▶ The problem
Two lines below mark the span: the one containing "A modern classic" and the one containing "The kit contains: plywood". Set down both, plus every line between, exactly as they stand, and nothing else.

▶ Source information
◇ ◇ ◇ ◇ ◇

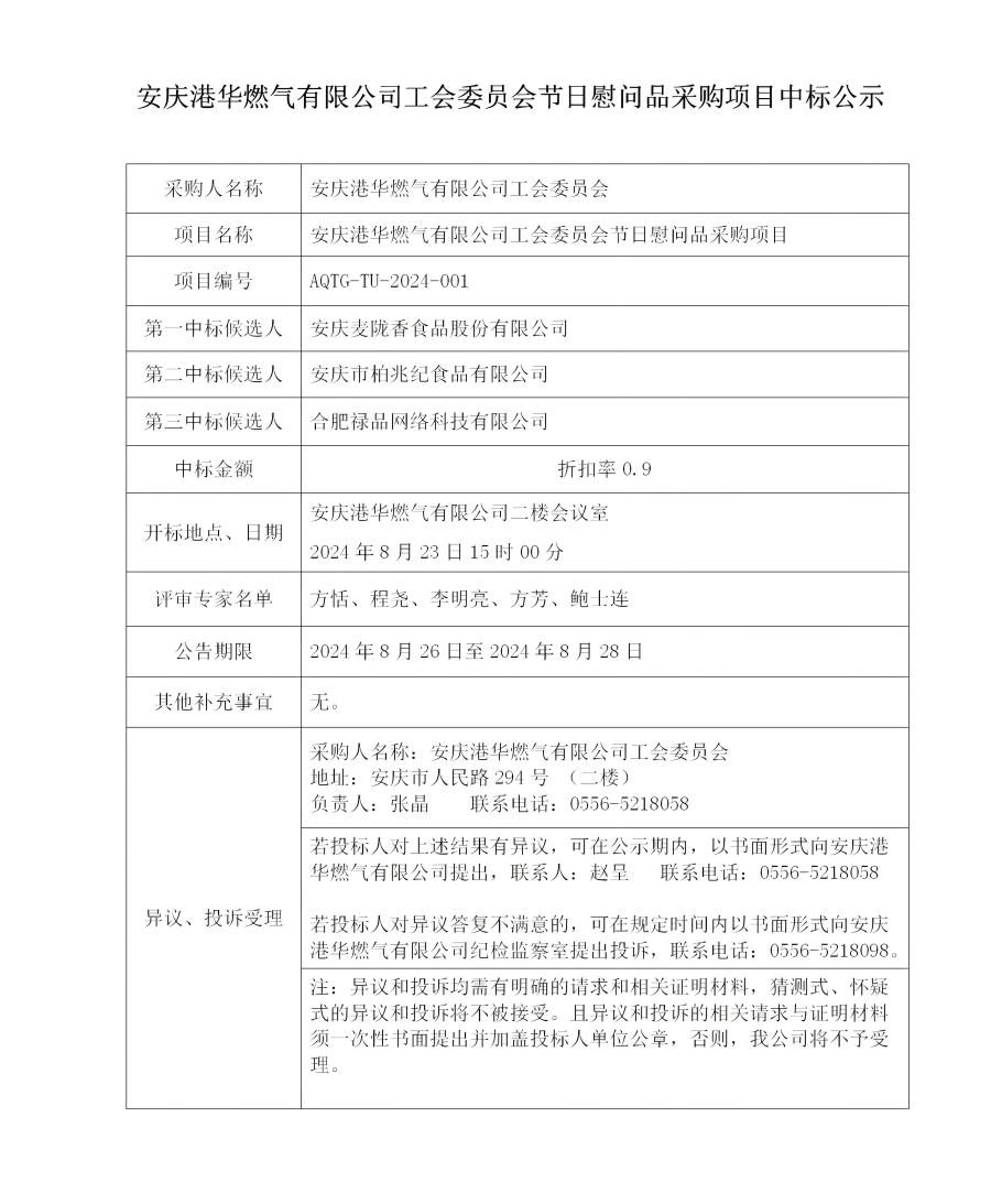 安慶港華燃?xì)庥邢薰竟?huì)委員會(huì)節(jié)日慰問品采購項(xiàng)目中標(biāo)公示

◇ ◇ ◇ ◇ ◇

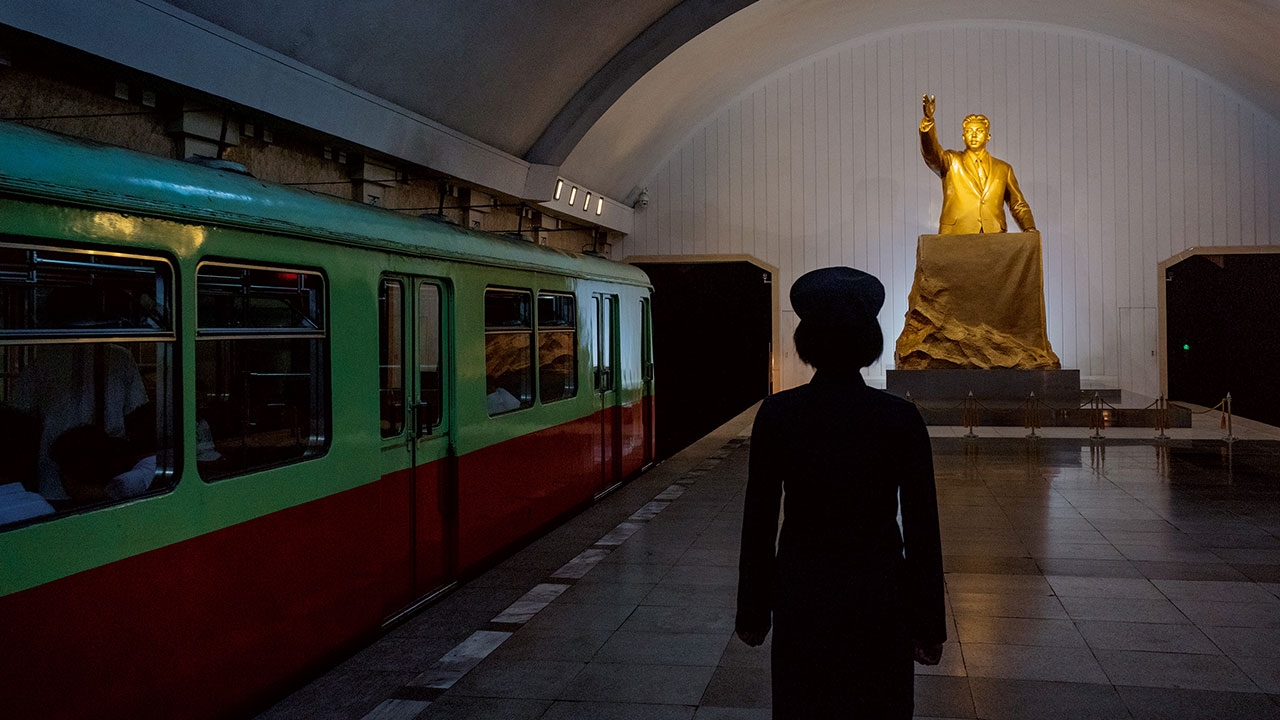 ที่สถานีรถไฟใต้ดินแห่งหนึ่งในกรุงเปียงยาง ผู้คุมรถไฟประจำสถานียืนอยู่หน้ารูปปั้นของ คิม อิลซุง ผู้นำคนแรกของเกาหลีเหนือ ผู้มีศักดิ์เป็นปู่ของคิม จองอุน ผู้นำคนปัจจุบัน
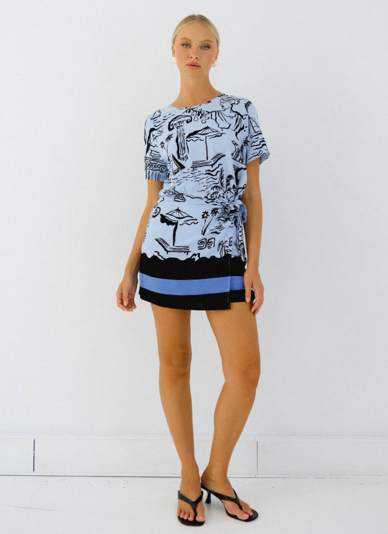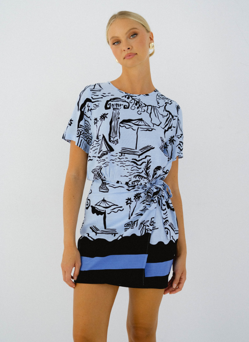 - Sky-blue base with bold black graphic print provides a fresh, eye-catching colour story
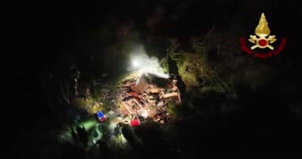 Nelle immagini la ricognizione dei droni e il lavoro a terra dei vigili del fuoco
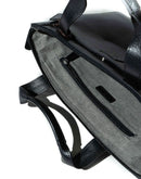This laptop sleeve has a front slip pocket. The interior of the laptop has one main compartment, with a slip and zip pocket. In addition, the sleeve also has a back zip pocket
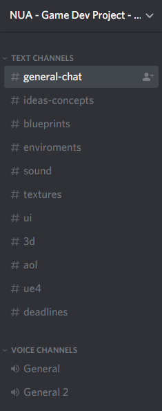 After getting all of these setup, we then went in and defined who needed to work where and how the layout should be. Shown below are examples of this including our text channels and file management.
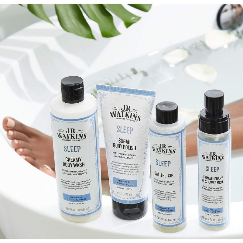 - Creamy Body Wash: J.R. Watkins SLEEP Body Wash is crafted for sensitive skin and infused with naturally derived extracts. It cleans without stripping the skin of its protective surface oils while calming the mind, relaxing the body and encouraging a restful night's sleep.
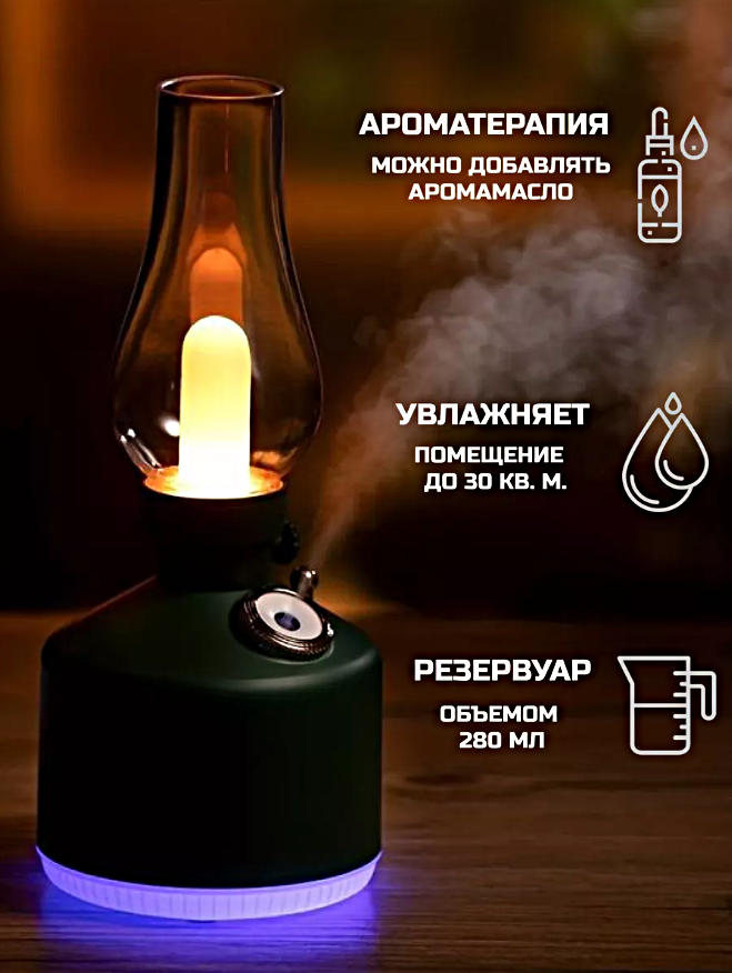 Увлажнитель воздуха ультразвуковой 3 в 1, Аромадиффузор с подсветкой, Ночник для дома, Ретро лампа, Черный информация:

◇ ◇ ◇ ◇ ◇

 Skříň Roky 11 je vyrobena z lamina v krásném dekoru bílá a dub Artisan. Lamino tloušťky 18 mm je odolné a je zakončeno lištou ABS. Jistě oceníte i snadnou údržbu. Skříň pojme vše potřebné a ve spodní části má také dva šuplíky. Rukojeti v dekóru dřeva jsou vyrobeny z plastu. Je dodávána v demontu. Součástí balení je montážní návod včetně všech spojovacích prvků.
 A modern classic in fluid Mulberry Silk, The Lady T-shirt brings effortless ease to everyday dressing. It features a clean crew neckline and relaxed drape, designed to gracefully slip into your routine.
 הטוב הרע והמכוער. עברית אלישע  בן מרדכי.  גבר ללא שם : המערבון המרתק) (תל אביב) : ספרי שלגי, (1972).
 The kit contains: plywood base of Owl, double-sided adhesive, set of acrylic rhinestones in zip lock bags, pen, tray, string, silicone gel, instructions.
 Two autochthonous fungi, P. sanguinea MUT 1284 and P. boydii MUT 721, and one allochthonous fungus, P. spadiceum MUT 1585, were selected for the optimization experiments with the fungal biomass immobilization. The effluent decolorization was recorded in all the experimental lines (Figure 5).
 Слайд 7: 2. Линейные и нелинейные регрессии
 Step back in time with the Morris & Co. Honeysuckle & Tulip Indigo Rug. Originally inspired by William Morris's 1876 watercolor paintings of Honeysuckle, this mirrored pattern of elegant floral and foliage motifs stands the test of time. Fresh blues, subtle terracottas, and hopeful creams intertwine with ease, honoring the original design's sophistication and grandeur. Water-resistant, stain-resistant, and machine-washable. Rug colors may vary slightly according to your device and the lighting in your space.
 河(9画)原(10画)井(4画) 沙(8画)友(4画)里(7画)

◇ ◇ ◇ ◇ ◇

▶ Written reply
 A modern classic in fluid Mulberry Silk, The Lady T-shirt brings effortless ease to everyday dressing. It features a clean crew neckline and relaxed drape, designed to gracefully slip into your routine.
 הטוב הרע והמכוער. עברית אלישע  בן מרדכי.  גבר ללא שם : המערבון המרתק) (תל אביב) : ספרי שלגי, (1972).
 The kit contains: plywood base of Owl, double-sided adhesive, set of acrylic rhinestones in zip lock bags, pen, tray, string, silicone gel, instructions.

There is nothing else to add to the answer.